# What you have to do:
Could you restate every line of the data word for word?

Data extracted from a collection

Segment Open

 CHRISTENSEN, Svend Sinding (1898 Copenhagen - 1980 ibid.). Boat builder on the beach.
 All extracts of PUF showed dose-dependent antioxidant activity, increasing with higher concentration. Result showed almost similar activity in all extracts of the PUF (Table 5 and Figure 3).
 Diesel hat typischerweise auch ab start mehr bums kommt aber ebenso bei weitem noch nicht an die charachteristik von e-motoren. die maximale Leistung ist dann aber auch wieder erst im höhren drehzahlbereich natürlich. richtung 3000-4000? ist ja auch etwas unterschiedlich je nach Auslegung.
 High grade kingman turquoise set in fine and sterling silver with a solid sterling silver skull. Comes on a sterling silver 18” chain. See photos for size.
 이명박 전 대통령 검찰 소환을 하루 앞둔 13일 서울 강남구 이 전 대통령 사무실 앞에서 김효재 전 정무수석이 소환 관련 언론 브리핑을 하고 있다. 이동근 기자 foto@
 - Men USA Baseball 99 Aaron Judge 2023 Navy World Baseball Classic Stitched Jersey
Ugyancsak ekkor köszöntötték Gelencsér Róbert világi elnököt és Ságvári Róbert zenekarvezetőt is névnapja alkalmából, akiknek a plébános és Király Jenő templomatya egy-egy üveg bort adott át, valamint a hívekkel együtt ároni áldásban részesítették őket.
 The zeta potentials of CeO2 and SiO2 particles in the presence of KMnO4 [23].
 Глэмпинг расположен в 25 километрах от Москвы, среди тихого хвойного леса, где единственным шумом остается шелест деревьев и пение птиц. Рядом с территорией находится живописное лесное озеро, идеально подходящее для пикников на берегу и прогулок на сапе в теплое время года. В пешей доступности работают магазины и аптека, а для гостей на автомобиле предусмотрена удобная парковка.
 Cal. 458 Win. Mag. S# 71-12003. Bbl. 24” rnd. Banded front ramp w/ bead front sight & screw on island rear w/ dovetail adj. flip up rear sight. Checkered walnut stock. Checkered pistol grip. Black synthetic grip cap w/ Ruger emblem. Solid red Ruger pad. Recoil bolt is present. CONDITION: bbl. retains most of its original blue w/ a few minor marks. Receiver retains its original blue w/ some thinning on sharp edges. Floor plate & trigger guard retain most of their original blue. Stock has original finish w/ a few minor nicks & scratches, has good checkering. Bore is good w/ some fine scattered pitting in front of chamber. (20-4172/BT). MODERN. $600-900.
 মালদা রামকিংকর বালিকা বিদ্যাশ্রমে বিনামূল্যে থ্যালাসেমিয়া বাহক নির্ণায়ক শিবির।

Segment Closed

# Solution to the exercise:
 CHRISTENSEN, Svend Sinding (1898 Copenhagen - 1980 ibid.). Boat builder on the beach.
 All extracts of PUF showed dose-dependent antioxidant activity, increasing with higher concentration. Result showed almost similar activity in all extracts of the PUF (Table 5 and Figure 3).
 Diesel hat typischerweise auch ab start mehr bums kommt aber ebenso bei weitem noch nicht an die charachteristik von e-motoren. die maximale Leistung ist dann aber auch wieder erst im höhren drehzahlbereich natürlich. richtung 3000-4000? ist ja auch etwas unterschiedlich je nach Auslegung.
 High grade kingman turquoise set in fine and sterling silver with a solid sterling silver skull. Comes on a sterling silver 18” chain. See photos for size.
 이명박 전 대통령 검찰 소환을 하루 앞둔 13일 서울 강남구 이 전 대통령 사무실 앞에서 김효재 전 정무수석이 소환 관련 언론 브리핑을 하고 있다. 이동근 기자 foto@
 - Men USA Baseball 99 Aaron Judge 2023 Navy World Baseball Classic Stitched Jersey
Ugyancsak ekkor köszöntötték Gelencsér Róbert világi elnököt és Ságvári Róbert zenekarvezetőt is névnapja alkalmából, akiknek a plébános és Király Jenő templomatya egy-egy üveg bort adott át, valamint a hívekkel együtt ároni áldásban részesítették őket.
 The zeta potentials of CeO2 and SiO2 particles in the presence of KMnO4 [23].
 Глэмпинг расположен в 25 километрах от Москвы, среди тихого хвойного леса, где единственным шумом остается шелест деревьев и пение птиц. Рядом с территорией находится живописное лесное озеро, идеально подходящее для пикников на берегу и прогулок на сапе в теплое время года. В пешей доступности работают магазины и аптека, а для гостей на автомобиле предусмотрена удобная парковка.
 Cal. 458 Win. Mag. S# 71-12003. Bbl. 24” rnd. Banded front ramp w/ bead front sight & screw on island rear w/ dovetail adj. flip up rear sight. Checkered walnut stock. Checkered pistol grip. Black synthetic grip cap w/ Ruger emblem. Solid red Ruger pad. Recoil bolt is present. CONDITION: bbl. retains most of its original blue w/ a few minor marks. Receiver retains its original blue w/ some thinning on sharp edges. Floor plate & trigger guard retain most of their original blue. Stock has original finish w/ a few minor nicks & scratches, has good checkering. Bore is good w/ some fine scattered pitting in front of chamber. (20-4172/BT). MODERN. $600-900.
 মালদা রামকিংকর বালিকা বিদ্যাশ্রমে বিনামূল্যে থ্যালাসেমিয়া বাহক নির্ণায়ক শিবির।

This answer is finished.